Sophie looked over at me with only mild annoyance, which meant I might be growing on her. “First of all, there’s two now. You keep forgetting that. Secondly, yes. My family and dozens of others train their young to protect in the hopes that the remaining skyborn will find them and hire them. The money isn’t great. I could make more doing something else, but protecting Logan … and you … it’s a great honor.”
Wow. That was almost a compliment. “So, if you had kids one day…?” I let the question hang in the air.
Sophie nodded. “They will learn to protect. Just as I did.”
Wow. I imagined there was some secret list out there that Keegan had of shifters who were secret skyborn protectors, and when one died or he needed to add to his pack, he just picked off of his list. Crazy.
“Sloane?” Logan was calling me to the door with his hand outstretched. I stepped forward, taking his hand, and ignored the pulse of heat it caused to creep into my stomach, where my dragon lay resting.
“This is Sloane Murphy, the other skyborn,” he told the twins, and I dropped his hand and waved sheepishly.
Ruben and Roxy both bowed. “It’s an honor to be a part of this team,” Ruben said with a very slight Russian accent.
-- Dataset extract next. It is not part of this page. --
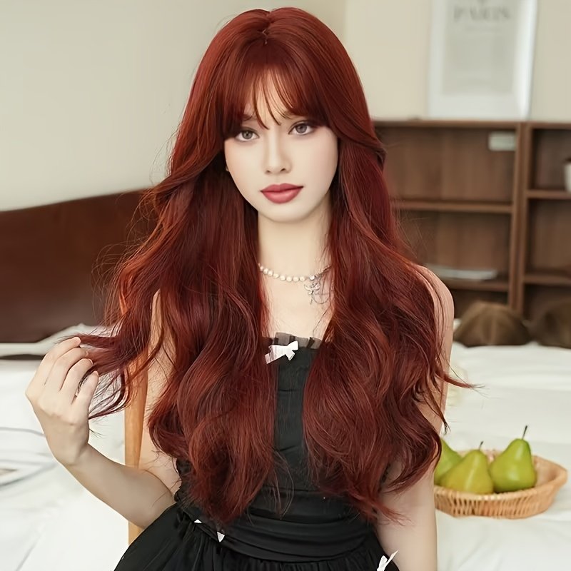 - צבע אדום-לבנה אופנתי וגלים יוקרתיים: תיהני מצבע אדום-לבנה חם ונועז, עם גלים גדולים וארוכים שזורמים בצורה חלקה כדי להעניק לך מראה אלגנטי ועכשווי שמושך תשומת לב ומתאים לאישה המודרנית.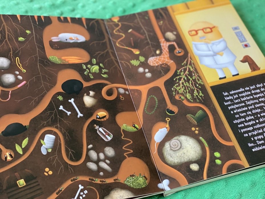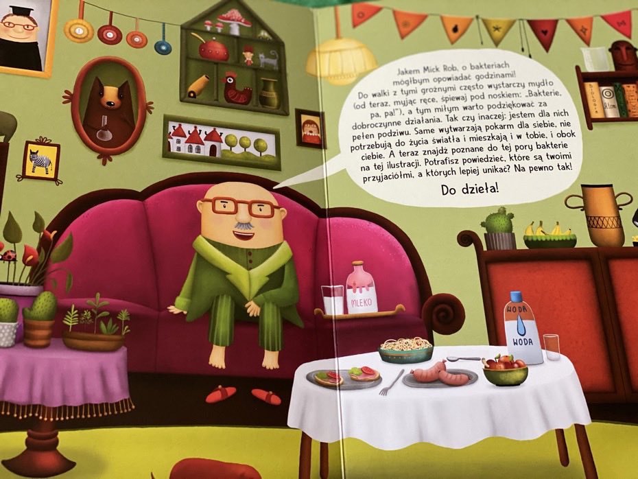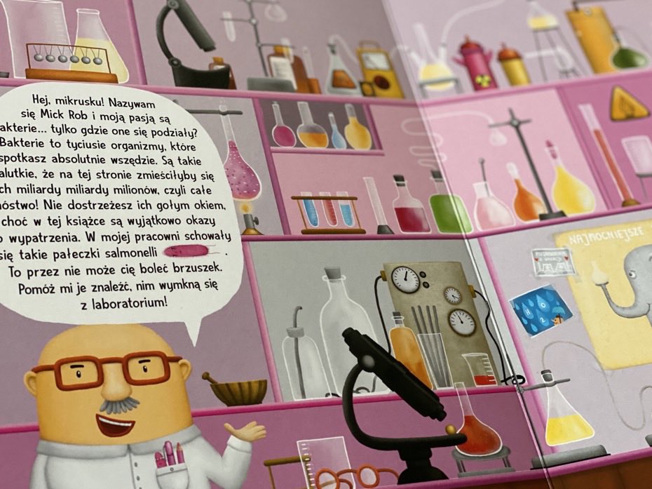 „Bakterie są wszędzie… ale czy potrafisz je znaleźć?” to książkowa wyszukiwanka dla najmłodszych, w której trzeba znaleźć pochowanych intruzów.

Roxy looked a bit star-struck. She wasn’t your typical beauty like Sophie, but there was something unique in her features, exotic, that gave her a beauty that was rare. “A female dragon…” she breathed, staring at my hair. The hair shock was common; my hair was redder than a tomato, and I added an apple-red shampoo wash that kept it away from the orange and more into the cherry-red variety. But the dragon awe was new and I wasn’t sure how to handle it. Luckily, Logan was.
“We are honored to have your service. Sloane is … unique, and we’ve just had a run-in with some druids looking for her, so we’re going to need more help. It’s great to have you. Come on in.”